In response to this most recent motion for an extension, the Court ordered Robinson to
show cause why the case should not be dismissed for failure to prosecute. ECF No. 40. That
order explained that the amended complaint did not provide a more definite statement and noted
that the fact that Plaintiff counsel had not met with his client raised questions regarding whether
he reasonably investigated the claims prior to filing the case. On April 21, 2017, Robinson filed a
“more definite statement.” ECF No. 47. The filing is untimely and is in narrative form, not
pleading form.
On April 20, 2017, the Defendants who had been served filed a motion to strike the
amended complaint, arguing that it did not provide a more definite statement. ECF No. 43. The
next day, Robinson filed a motion to extend, for a third time, the deadline to serve Defendant
Hoover.
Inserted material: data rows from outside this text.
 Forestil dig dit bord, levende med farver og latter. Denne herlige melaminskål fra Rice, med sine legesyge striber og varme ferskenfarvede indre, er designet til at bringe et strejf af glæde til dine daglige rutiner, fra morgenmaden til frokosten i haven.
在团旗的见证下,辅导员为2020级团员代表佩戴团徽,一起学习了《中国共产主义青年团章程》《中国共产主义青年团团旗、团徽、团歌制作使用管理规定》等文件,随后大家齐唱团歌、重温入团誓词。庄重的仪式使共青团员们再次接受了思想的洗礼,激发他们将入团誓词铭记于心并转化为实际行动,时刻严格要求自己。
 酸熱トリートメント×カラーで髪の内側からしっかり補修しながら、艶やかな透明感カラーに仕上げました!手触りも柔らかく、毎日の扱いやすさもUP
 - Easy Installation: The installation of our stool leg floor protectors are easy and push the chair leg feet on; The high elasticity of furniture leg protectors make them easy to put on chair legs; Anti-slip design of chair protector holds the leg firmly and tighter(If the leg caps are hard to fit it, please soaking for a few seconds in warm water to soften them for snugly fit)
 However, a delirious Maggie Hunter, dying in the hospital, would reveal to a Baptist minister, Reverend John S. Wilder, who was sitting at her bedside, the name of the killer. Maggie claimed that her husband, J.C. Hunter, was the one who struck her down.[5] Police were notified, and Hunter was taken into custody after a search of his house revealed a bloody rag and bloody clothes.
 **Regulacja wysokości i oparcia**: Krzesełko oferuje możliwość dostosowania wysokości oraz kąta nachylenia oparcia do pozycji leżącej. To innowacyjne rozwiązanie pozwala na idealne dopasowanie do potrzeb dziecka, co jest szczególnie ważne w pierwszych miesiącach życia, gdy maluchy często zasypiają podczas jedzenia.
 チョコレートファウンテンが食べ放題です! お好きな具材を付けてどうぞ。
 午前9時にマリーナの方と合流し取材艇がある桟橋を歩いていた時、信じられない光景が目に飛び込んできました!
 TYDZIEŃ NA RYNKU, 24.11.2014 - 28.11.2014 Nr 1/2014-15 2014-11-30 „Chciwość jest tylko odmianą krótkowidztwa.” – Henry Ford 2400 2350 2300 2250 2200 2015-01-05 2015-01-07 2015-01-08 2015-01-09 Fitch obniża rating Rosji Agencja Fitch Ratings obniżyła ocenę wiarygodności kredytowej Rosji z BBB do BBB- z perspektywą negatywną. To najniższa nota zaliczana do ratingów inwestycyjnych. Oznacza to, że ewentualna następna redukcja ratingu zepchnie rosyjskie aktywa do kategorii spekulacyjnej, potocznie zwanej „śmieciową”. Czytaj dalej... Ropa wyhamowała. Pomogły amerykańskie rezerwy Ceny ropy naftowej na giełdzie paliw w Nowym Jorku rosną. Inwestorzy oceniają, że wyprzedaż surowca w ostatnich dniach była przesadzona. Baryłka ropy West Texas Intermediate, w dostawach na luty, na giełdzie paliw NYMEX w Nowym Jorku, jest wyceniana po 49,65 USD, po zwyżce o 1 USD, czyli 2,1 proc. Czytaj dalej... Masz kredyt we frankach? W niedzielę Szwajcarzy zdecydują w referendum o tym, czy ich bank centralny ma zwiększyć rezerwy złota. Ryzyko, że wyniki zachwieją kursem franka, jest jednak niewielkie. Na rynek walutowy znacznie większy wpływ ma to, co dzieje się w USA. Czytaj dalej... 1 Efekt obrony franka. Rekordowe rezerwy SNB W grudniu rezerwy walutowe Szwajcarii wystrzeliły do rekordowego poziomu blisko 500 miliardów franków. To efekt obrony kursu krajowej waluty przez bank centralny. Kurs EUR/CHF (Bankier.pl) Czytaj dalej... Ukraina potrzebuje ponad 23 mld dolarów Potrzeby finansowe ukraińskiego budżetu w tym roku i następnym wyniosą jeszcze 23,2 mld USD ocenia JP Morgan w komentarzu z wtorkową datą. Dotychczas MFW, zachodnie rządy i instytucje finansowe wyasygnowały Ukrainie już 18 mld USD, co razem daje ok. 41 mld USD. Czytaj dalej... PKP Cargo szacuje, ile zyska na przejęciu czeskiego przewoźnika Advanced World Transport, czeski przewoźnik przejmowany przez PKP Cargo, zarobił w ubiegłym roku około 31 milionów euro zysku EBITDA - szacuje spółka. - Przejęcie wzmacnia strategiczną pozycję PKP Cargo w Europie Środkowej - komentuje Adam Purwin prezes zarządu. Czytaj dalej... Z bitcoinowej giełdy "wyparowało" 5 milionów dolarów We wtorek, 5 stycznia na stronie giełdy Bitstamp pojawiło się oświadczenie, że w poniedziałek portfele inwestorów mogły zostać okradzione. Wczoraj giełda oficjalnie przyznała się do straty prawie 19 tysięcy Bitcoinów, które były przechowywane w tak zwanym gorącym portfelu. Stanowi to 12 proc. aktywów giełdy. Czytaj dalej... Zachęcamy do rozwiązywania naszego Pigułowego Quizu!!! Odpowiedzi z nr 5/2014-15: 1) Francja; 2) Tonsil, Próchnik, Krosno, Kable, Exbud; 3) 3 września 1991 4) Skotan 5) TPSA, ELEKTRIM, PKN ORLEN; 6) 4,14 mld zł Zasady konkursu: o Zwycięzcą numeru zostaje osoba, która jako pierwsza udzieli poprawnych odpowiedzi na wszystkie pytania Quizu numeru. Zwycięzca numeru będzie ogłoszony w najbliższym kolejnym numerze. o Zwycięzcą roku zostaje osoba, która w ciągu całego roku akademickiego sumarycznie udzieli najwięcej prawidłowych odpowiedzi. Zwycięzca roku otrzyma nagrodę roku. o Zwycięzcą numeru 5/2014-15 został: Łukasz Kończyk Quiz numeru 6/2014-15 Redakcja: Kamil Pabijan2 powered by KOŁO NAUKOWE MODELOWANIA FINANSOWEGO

ECF No. 46. Robinson requests that the Court allow him to serve Hoover by either
sending the summons via certified mail to the Genesee County Sheriff’s Department or by
allowing for service by publication in accordance with M.C.L. § 2.106. In a separate motion,
Robinson alternatively requests that the Court order Genesee County to disclose Hoover’s last
known address. ECF No. 50. On May 3, 2017, the Defendants renewed their motion to strike the
amended complaint, arguing that the more definite statement provided by Robinson was
untimely and improperly formatted. ECF No. 52. Defendants also emphasize that Robinson has
not formally responded to the Court’s order to show cause.
I.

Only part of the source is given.